Addiction Treatment Program Caters to Older Adults

Addiction is a disease that doesn’t discriminate based on age, race, gender or income. It can happen to anyone including senior citizens.

Silver Sobriety is an outpatient treatment program for seniors founded by Stillwater residents Peter Oesterreich and Win Miller. It offers affordable, non-residential recovery services designed for older adults.

Oesterreich ran his own technology training business for 30 years until 2008 when he sold the business. A recovering alcoholic with 27 years of sobriety, he returned to school to earn a master’s degree in addiction studies.

In 2015 Oesterreich and Miller, who are neighbors, started discussing the need for a dedicated treatment program tailored to seniors. The approximate average client age at some urban treatment centers is 25, and opiates are often the drug of choice, Oesterreich points out. He says, “Many seniors just can’t relate to that, so a program like that is not a good fit for them.”

Oesterreich and Miller opened their program in early 2016. For the first year, neither took a salary. Rather than focusing on making a profit, their venture is based on “a passion to try to fill this gap; so seniors have some place to go,” Oesterreich says.

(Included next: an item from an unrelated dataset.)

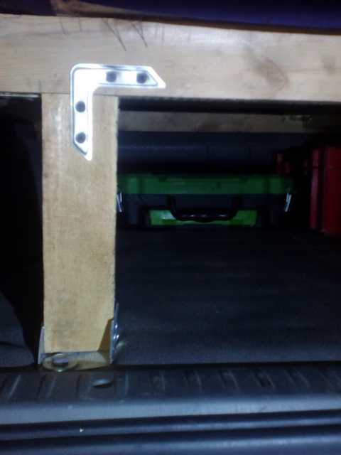 Изначально хотел делать спальник из квадратного облегчённого металического профиля, но как обычно это бывает, подпирало время, до запланированной поездки оставались считанные дни и мною было принято решение изготавливать конструкцию из материалов, что были в наличии. В наличии была доска 50-ка и ОСБ плита толщиной 12 мм, а также ткань для пошива рабочих комбинезонов (хлопок). Доску распустил на циркуляре на бруски 50*50 мм, протянул их на рубанке для выравнивания плоскости, плиту так же распустил на циркулярке, по размерам. По поводу размеров. Как я уже говорил, задача была, для крепления спальника использовать исключительно имеющиеся в машине заводские технологические точки. В ТЛК 105 таковыми являются четыре точки крепления сидений-лавок в багажнике. Диаметр отверстий в них 10 мм, шаг резьбы 1,25, крепления весьма и весьма надежные. Таким образом набросал на бумаге схематический чертёж конструкции и приступил к сборке. Основу конструкции (раму) собирал на шурупах длиной 120 мм и дополнительно укреплял уголками. Высота конструкции от пола выбиралась мной таким образом, чтобы под спальником было достаточно места для размещения пластиковых ящиков для посуды, продуктов и прочих необходимых вещей, а также чтобы от поверхности спальника до потолка машины в положении сидя оставалось достаточно места для возможности свободно переодеться, перестелить постель и т.д., не упираясь при этом головой в потолок.

The standard price Silver Sobriety charges is $4,500 for six months of treatment and includes three group sessions per week and a weekly one-on-one meeting with a counselor. Many clients pay less based on their ability to pay. “Because we are a nonprofit, we have a very aggressive sliding fee schedule,” Oesterreich says.

For seniors, a major contributing factor to developing a dependence on alcohol or drugs is social isolation. “A lot of the people who come into our program are isolated,” Oesterreich says. “Their social circles have declined as spouses and friends have passed away, and their work circles .”

So, one of the important things Silver Sobriety gives clients is a place to connect with other people. The program uses strategies designed to address emotional issues such as loneliness, depression and grief.

“At its core, our program is based on the 12 steps of Alcoholics Anonymous and we believe that recovery is a lifelong process which should involve being part of some kind of recovery support group. It doesn’t have to be AA,” Oesterreich says.

Silver Sobriety has relapse prevention groups that meet several times a week. “We’re really trying to create a recovery community for seniors,” he says.

Stillwater resident Vickie B. had been attending a 12-step recovery group and saw a brochure for Silver Sobriety. At one point she struggled with a relapse into alcoholism after the deaths of her husband and a beloved pet. “I called [Silver Sobriety] to see if they had meetings there; Peter explained that it was a treatment center designed for older people,” she says. The idea appealed to Vickie, who is 67, because “we older people have our own set of problems related to loss and aging. I had been in groups with younger people and had nothing in common with them other than addiction. Kids don’t want to hear that your hip is hurting. And, I don’t have a ring in my nose.”

She became one of the first clients at Silver Sobriety and appreciates the program. “One of the best things about the program is that it’s long term—six months, compared to 28 days with typical inpatient treatment. So, the people in the group become a family. The program has saved a lot of older people,” she says.